• [Exercise material]
------------------------------------------------------------

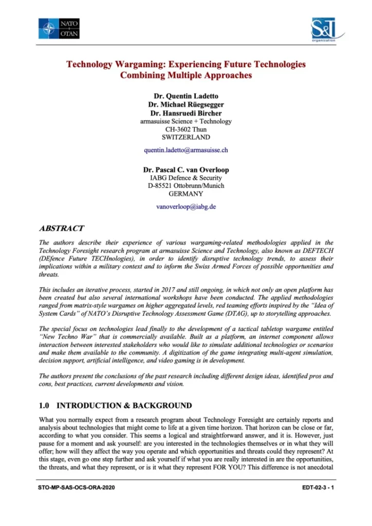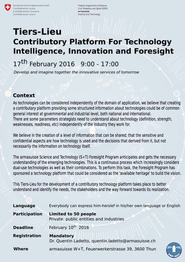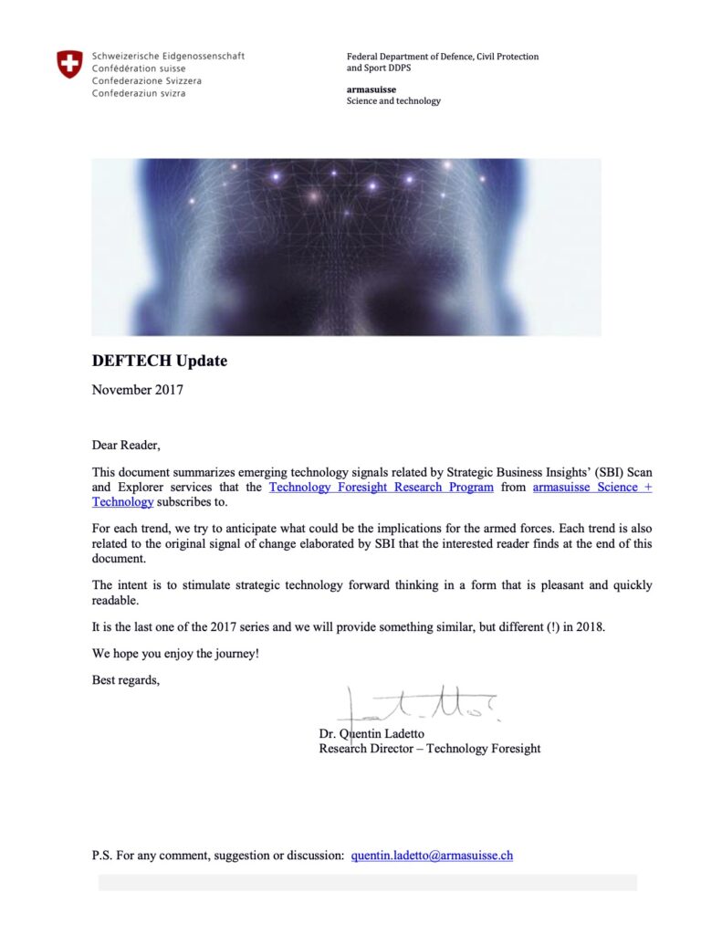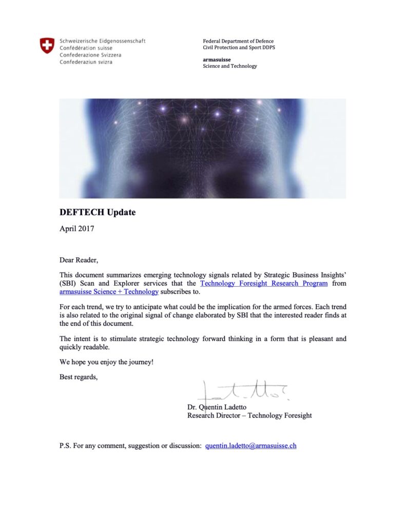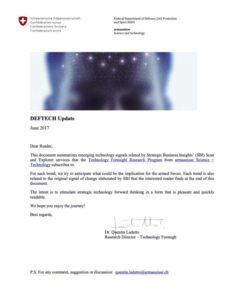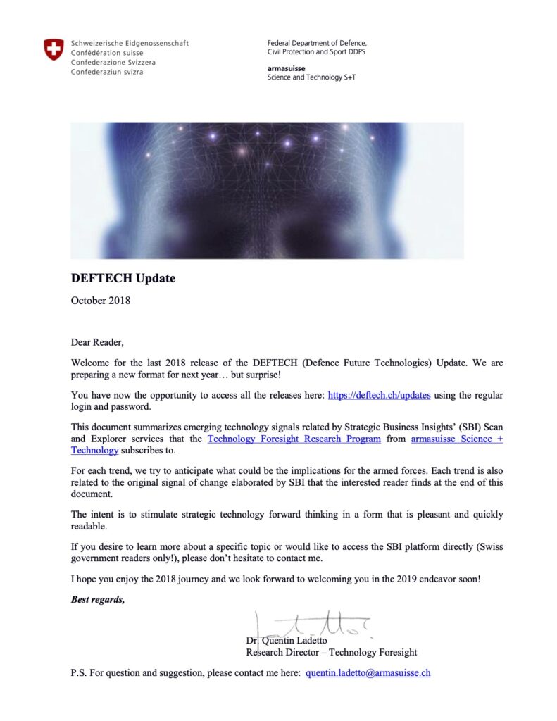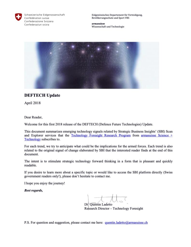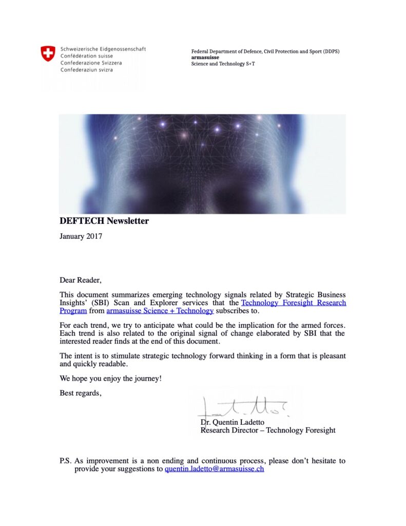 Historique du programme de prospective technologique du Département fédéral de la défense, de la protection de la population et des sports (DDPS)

------------------------------------------------------------

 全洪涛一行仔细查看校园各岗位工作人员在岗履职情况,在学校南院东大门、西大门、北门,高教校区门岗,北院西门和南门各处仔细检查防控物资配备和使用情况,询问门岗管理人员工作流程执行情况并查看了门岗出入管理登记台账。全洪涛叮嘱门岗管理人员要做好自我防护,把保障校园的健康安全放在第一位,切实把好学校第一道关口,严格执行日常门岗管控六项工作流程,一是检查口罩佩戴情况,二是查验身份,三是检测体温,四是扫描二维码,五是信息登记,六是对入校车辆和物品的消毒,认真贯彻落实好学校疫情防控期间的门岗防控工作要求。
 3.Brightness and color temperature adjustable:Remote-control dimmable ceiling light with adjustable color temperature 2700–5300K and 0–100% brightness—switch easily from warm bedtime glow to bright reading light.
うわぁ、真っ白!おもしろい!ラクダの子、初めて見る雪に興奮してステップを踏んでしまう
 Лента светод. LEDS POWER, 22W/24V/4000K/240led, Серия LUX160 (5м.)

------------------------------------------------------------

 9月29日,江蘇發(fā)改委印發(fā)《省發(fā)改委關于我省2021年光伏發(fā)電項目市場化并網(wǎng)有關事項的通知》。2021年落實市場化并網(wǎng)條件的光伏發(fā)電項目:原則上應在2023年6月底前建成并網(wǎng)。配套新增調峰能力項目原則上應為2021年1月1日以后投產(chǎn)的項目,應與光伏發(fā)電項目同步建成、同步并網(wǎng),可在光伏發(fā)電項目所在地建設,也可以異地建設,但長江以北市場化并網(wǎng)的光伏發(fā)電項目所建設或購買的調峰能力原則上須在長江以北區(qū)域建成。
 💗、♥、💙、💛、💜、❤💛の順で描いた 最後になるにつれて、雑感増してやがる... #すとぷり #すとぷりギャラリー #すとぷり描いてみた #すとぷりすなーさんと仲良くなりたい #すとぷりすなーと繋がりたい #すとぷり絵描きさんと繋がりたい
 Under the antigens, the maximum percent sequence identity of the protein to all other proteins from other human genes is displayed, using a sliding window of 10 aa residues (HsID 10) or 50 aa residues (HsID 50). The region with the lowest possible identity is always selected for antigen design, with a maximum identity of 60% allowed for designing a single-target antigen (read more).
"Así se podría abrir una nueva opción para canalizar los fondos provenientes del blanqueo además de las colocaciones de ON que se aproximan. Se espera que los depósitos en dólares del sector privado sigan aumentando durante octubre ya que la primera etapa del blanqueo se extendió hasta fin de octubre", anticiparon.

------------------------------------------------------------

• [What the exercise asks]
Start with the line above that contains "うわぁ、真っ白!おもしろい!" and end with the line that contains "Лента светод. LEDS". Write out those lines exactly, and only those.

• [Exercise result]
うわぁ、真っ白!おもしろい!ラクダの子、初めて見る雪に興奮してステップを踏んでしまう
 Лента светод. LEDS POWER, 22W/24V/4000K/240led, Серия LUX160 (5м.)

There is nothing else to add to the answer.